ブルーズ・ナンバーだって、もういちいち例はあげないが、アメリカ黒人ブルーズを実にたくさんやっている。僕が一番好きなのはリロイ・カーの「ハウ・ロング・ハウ・ロング・ブルーズ」と、珍しくヴォーカルもとっている古いブルーズ・ソング「エイント・ノーバディーズ・ビジネス・イフ・アイ・ドゥー」をやっているもの。前者は YouTube にないのが残念だが、後者は上がっているので。
このフル・アルバムで上がっている1964年の『フォーク、ブルーズ&ビヨンド』はデイヴィ・グレアムの作品中、僕が最も好きなものの一つ。お時間のある方は是非フル・アルバムで耳を傾けていただきたい。ジャズ・ナンバーは「モーニン」だけであるとはいえ、ブルーズ弾きの上手さが非常によく分る。
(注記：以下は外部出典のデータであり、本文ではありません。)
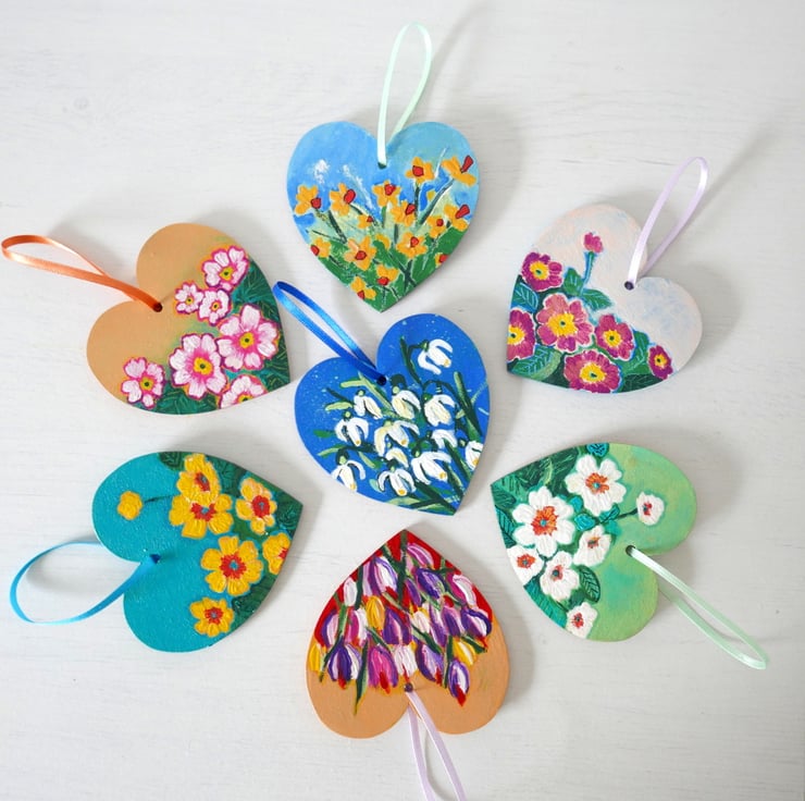 The heart measures 3" x 3" (7.50cm x 7.50cm) and it looks like a mini painting that can be hung as part of an art collection. It is perfect as a housewarming gift for gardeners or anyone who loves flowers.

最も重要なことは、ジャズであれブルーズであれ、またなかにはレイ・チャールズの「ハレルヤ・アイ・ラヴ・ハー・ソー」なんかもやっていたりする、そんなアメリカ黒人大衆音楽に題材をとったものでも、デイヴィ・グレアムが弾くと、伝承フォークをやる時と同じフィーリングで聴けるということだろうなあ。
これはデイヴィ・グレアム自身の姿勢だったんじゃないかなあ。イングランド出身でケルト地域の伝承曲をたくさんやるフォーク界の人間でありながら、同時にアメリカ大衆音楽曲をたくさんやったわけだけど、それらをとりあげる時でもグレアムの接し方は同じだったはず。
同じ接し方だったというのは仕上がったギター演奏を聴いて僕がそう判断しているだけなんだけど、アメリカの黒人大衆音楽のなかから誕生した楽曲も、いわば「伝承曲」として、なんというか現代の民謡ソングみたいなものとして考えてとりあげて演奏したんじゃないかと僕は思うのだ。
つまり楽曲ジャンルとしてのフォークではなく、音楽的アティテュードとしてのフォーク。デイヴィ・グレアムはそういう音楽家だったんだろう。アラブ中近東やインドの音楽に接近する時でも、やはりその眼差しは同じで、民衆のなかで受け継がれてきているもの、言葉本来の意味での「フォーク」・ミュージックとしてやったに違いない。
ケルト地域の民謡も、ジャズもブルーズも、アラブやインドの音楽も、なにもかも全て “folk” の、すなわち民衆のあいだでの伝承ものとして接して、それを自分一人のアクースティック・ギターでどうやったら上手く表現できるかを常に考えて、DADGAD チューニングも、その他いろんな演奏法も試した人なんだろうね、デイヴィ・グレアムは。
その結果出来上がった音楽が常に地味極まりないもので、世間的にアピールしてセールスが見込めるようなものでは全くなかったがために人気者とはなりえなかったデイヴィ・グレアムだけど、そのギター演奏の絶妙極まりないテクニシャンぶりは、同業者であれば一聴して舌を巻くようなものだから、甚大な影響を与えることとなった。
その一人がジミー・ペイジなわけだけど、彼のレッド・ツェッペリンもペイジ自身が “CIA” と呼ぶ路線は、普通一般のロック・ファンにはやっぱりイマイチな評価と人気だよなあ。一般受けしてきたのはあくまでブルーズ・ロック路線であって、「ホワイト・サマー」「ブラック・マウンテン・サイド」「カシミール」、あるいは「フレンズ」「フォー・スティックス」みたいなものは、いまだにちょっと風変わりなキワモノ扱い。残念だ。
でも最も有名なツェッペリン・ナンバーである「天国への階段」にだって、インド〜アラブはないけれど、はっきりとしたケルト由来のフォーク・ミュージック要素はあるんだけどなあ。でもこの曲に(も)あるそんな要素は四枚目のアルバム収録のスタジオ・オリジナルでしか聴けず、数多いライヴ・ヴァージョンでは完全に消えているんだけどね。